Bereit für das Projekt Digitalisierung?

Die Digitalisierung ist in aller Munde. Doch was bedeutet das für das Marketing der Zukunft?

Digitalisierung in Österreich - was ist zu tun?

Inzwischen beschäftigen sich in fast allen Branchen, Industriebereichen und Unternehmenskategorien Geschäftsführer, IT-Leiter, Marketingangestellte und viele mehr tagtäglich mit allerlei Fragestellungen rund um das Projekt Digitalisierung.

Denn mit „Lass uns digital werden“ ist es hierbei nicht getan. Vielmehr geht es darum, das Geschäftsmodell, Produkte und Services neu zu überdenken und gegebenenfalls umzustrukturieren, um sie optimal auf die Anforderungen der digitalen Welt zurecht zu schneidern.

Arthur D. Little Austria, die Wirtschaftskammer Österreich, Hutchison Drei Austria sowie der KMU Institutsvorstand der Wirtschaftsuniversität Wien den Status der Digitalen Transformation österreichischer KMUs untersucht.

Die wichtigsten bzw. markantesten Ergebnisse der Studie möchten wir Ihnen vorstellen.

1. Für den Vertrieb relevante Kommunikationskanäle

Für den Vertrieb ist nach wie vor der E-Mail-Versand das Kommunikationsmedium Nummer 1, allerdings kommen immer mehr unterschiedliche Kanäle, wie zum Beispiel Social Media, Webshop, Marktplätze etc. zum Einsatz.

Gerade in diesem Zusammenhang ist es daher wichtig, die Kommunikation – allen voran die Produktkommunikation – über alle relevanten Kanäle hinweg konsistent zu managen. Denn nichts ist ärgerlicher, als als potentieller Kunde über verschiedene Kanäle widersprüchliche Informationen zum gewünschten Produkt zu erhalten. So wird der neu gewonnene Kunde nämlich schnell zum Wunschgedanken – denn der ist längst zur Konkurrenz abgewandert.

 

Das Potential vieler KMUs schlummert genau hier

Wenn Sie es schaffen, Ihre Produktdaten konsistent über die für Ihre Kunden relevanten Kanäle zu transportieren und Ihnen die Informationen zur Verfügung stellen, die sie wünschen, dann Herzlichen Glückwunsch!
Sie haben es geschafft und die Theorie erfolgreich in die Praxis transformiert.

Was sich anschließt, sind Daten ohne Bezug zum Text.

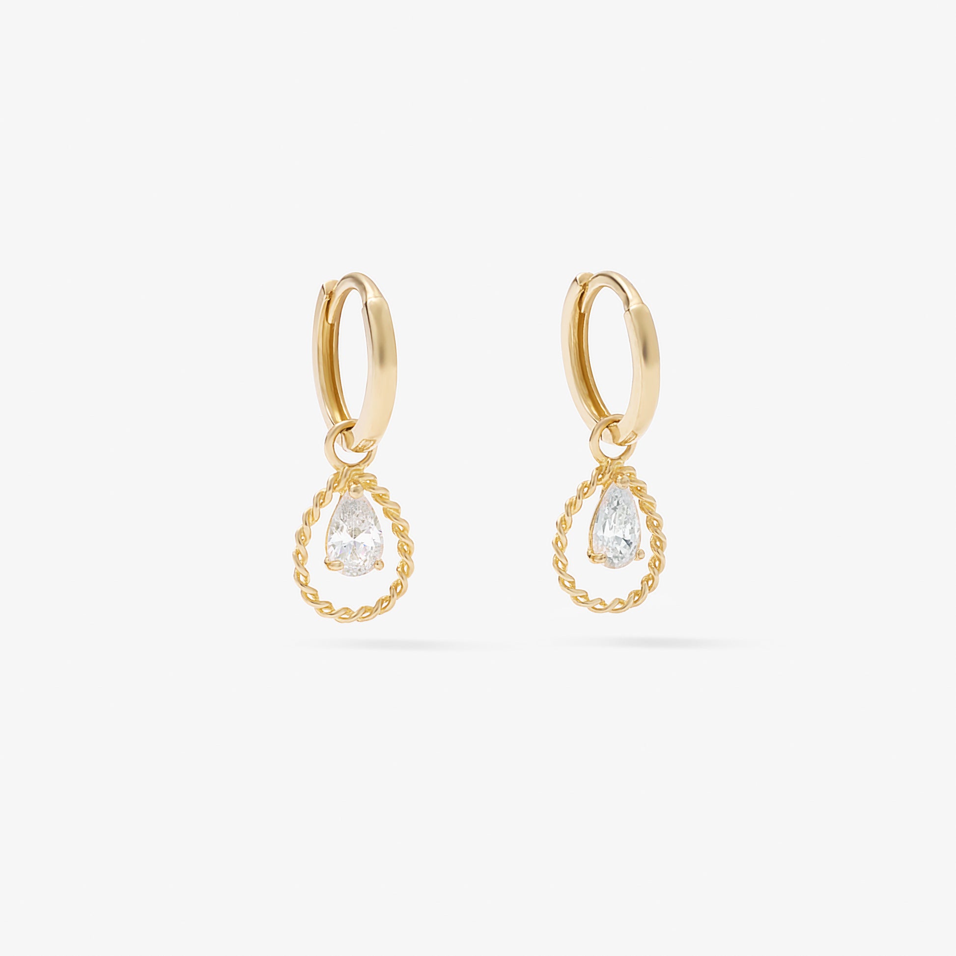 9K Yellow Gold Rope Open Teardrop And Pear Zirconia Charm Huggie Earrings

2. Herausforderungen der digitalen Transformation

Für österreichische Unternehmen ist der größte Schmerzpunkt die fehlende Information bzw. das fehlende Know-How über die Digitale Transformation.

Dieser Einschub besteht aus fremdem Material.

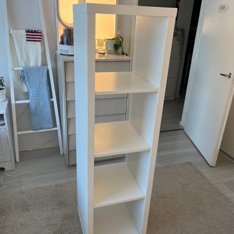IKEA Kallax hyllykkö, jossa 8 neliönmuotoista lokeroa. Väri musta. Mitat: leveys 76,5 cm, syvyys 39 cm ja korkeus 146,5 cm. Enimmäiskuormitus per hyllylevy 13 kg. Sopii esimerkiksi kirjojen, säilytyskorien tai koriste-esineiden säilytykseen. Kuvissa näkyy käytön jälkiä ja kulumaa alaosassa ja sivuissa.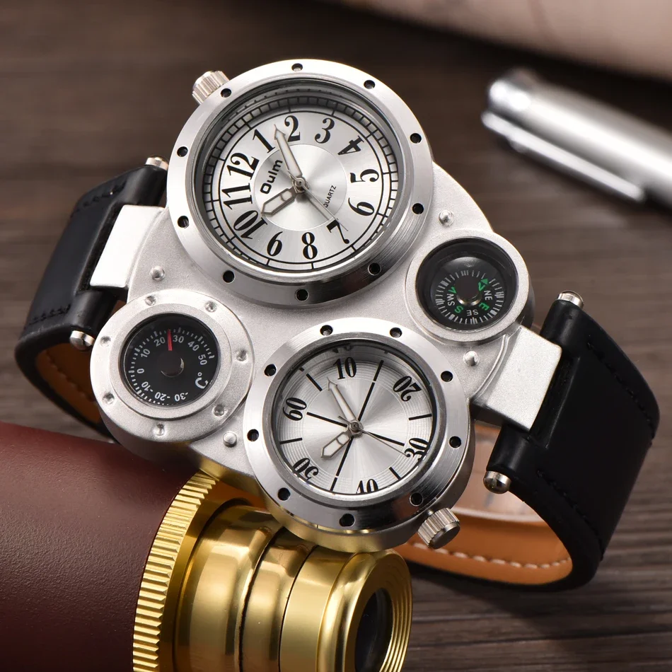 Men Chic Dual Movement Quartz Sport Watch Creative Dials Digital Bracelet Watches Waterproof Outdoor Thermometer Compass Clock

Nachvollziehbar – ohne Know-How im Team bzw. ohne externe Unterstützung tut man sich schwer, sein Unternehmen zukunftssicher aufzustellen und bereit für das digitale Dasein zu machen. „Digitalisieren ja, aber wie?“ hört man nicht selten.
Sicherlich ist diese Haltung mitverantwortlich dafür, dass einige KMUs in Österreich mit der Digitalisierung auf Kriegsfuß stehen.

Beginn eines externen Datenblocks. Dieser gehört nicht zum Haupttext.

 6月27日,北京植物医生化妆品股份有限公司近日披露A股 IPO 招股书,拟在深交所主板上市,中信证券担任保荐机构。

Auch der dritte und letzte Fakt hängt damit zusammen:

3. Der Großteil der KMUs in Österreich sieht sich als „Digitaler Neuling“ bzw. „Digital bewusst“

Eine gemeinsame Sicht auf das große gesamtheitliche Bild

Bei der Digitalisierung geht es vor allem um eine gemeinsame Sicht auf das große gesamtheitliche Bild auf oberster Ebene, mit dem Commitment in der gesamten Organisation.
Notwendige priorisierte Schritte müssen gemeinsam verdaubar für die Organisation beschritten werden – mit dem Ziel erster und schnell sichtbarer Erfolge und der Offenheit, gemeinsam in der Organisation weiter zu lernen und sich zu stets verbessern.

Es bedeutet viel Austausch auf unterschiedlichen Ebenen in Form von interdisziplinären Teams und Formaten.